In 2011, Japan recommended the use of the serum PG and *Hp* antibody combination method (ABC model) for GC screening. This approach significantly increases the detection rate of early-stage GC and can also identify GCs in individuals with serum PG negativity. In a large-scale opportunistic GC screening study, individuals have been categorized into risk groups A, B, C, and D, on the basis of the defined criteria in which PG I ≤ 70 μg/L and PGR ≤ 3.0 were considered PG positive; serum antibody titers ≥ 30 U/mL were considered *Hp* positive; and the risk of GC progressively increased from groups A to D12. Combined screening with *Hp*, PG, and endoscopy significantly decreases screening costs with respect to those of endoscopy alone13. In addition, an expert consensus on early GC screening in China introduced a novel GC screening scoring model14, thereby providing a framework and direction for risk prediction models in high-risk populations.
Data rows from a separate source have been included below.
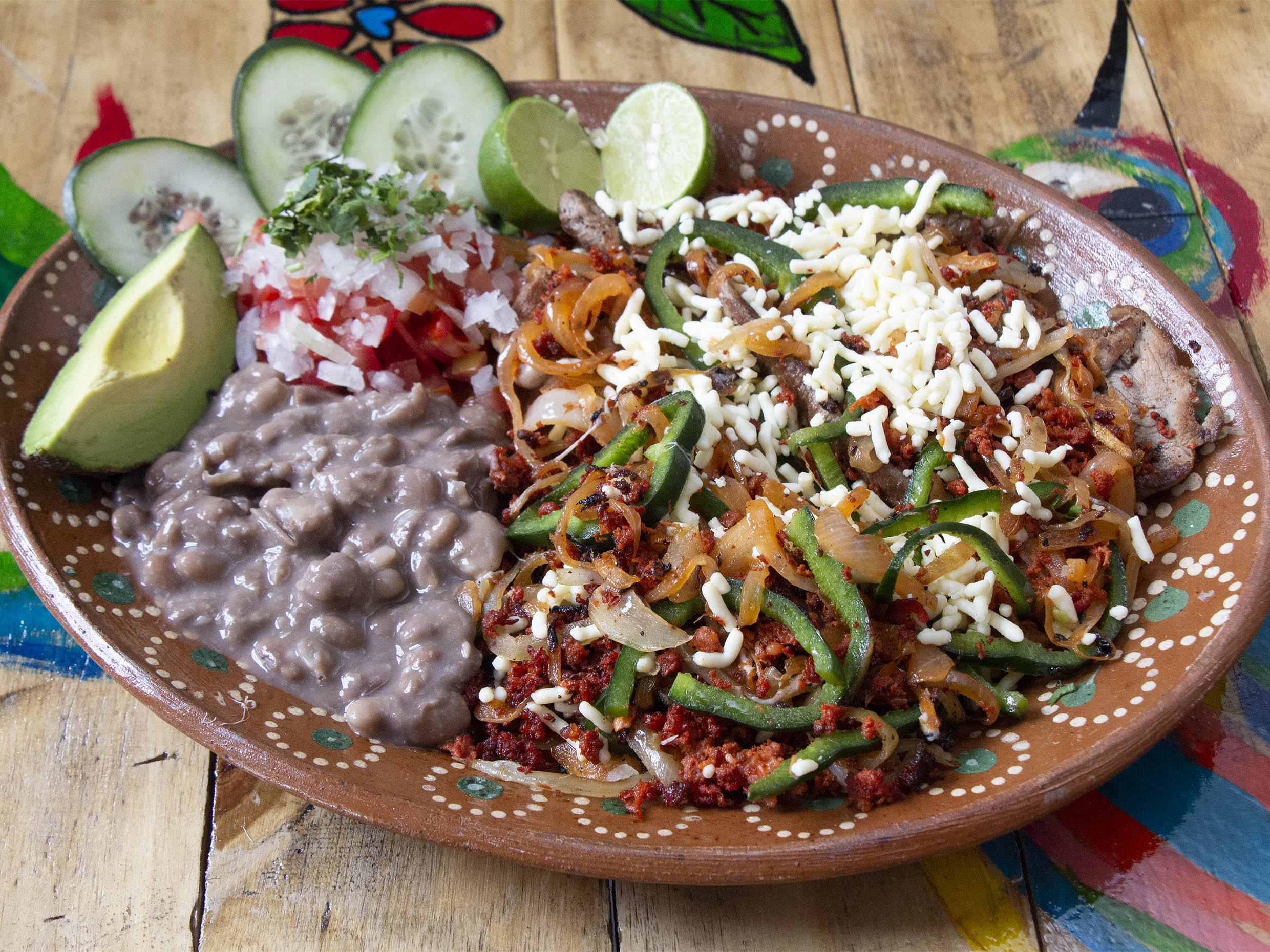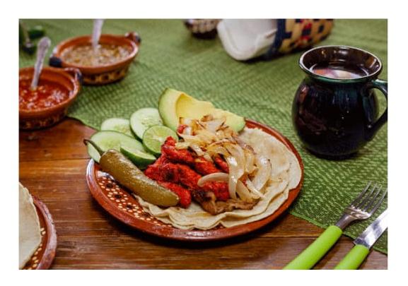 Acompañado de frijoles, pico de gallo y tortillas.
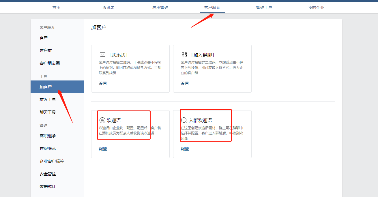 企业微信管理员账号登录后台中,然后点击客户联系——加客户——就可以选择配置欢迎语和入群欢迎语了。
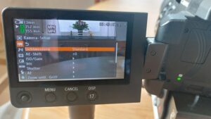 Ganz oft benutze ich den Camcorder um Kindern und Jugendlichen oder auch meinen KursteilnehmerInnen zu zeigen, wie sich die Einstellungenen des Belichtungsdreiecks, also die Wechselwirkung zwischen ISO, Blende,  (Shutter/Verschlusszeit lasse ich fest bei 1/50)  und unterschiedliche Brennweiten auf das Bild auswirken. Dazu brauche ich nur einen Externen Monitor und ein HDMI-Kabel, das direkt am Camcorder hängt.
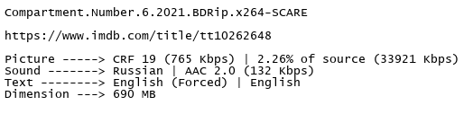 https://rapidgator.net/file/692c7e4fa35a92e3987ead5d5b4dcd8a/Compartment.Number.6.2021.BDRip.x264-SCARE.rar.html

This scoring model integrates demographic factors and serum indicators for joint preliminary screening, including age, sex, PG, G-17, and *Hp* antibodies, each of which is assigned a distinct score and is categorized into 3 levels. The efficacy of the GC screening score has been validated. However, before the novel GC screening scoring model is applied to large samples, further cohort studies and randomized controlled trials may be necessary to verify the reliability and stability of the results. Additionally, long-term observations of the model’s performance and benefits will be crucial.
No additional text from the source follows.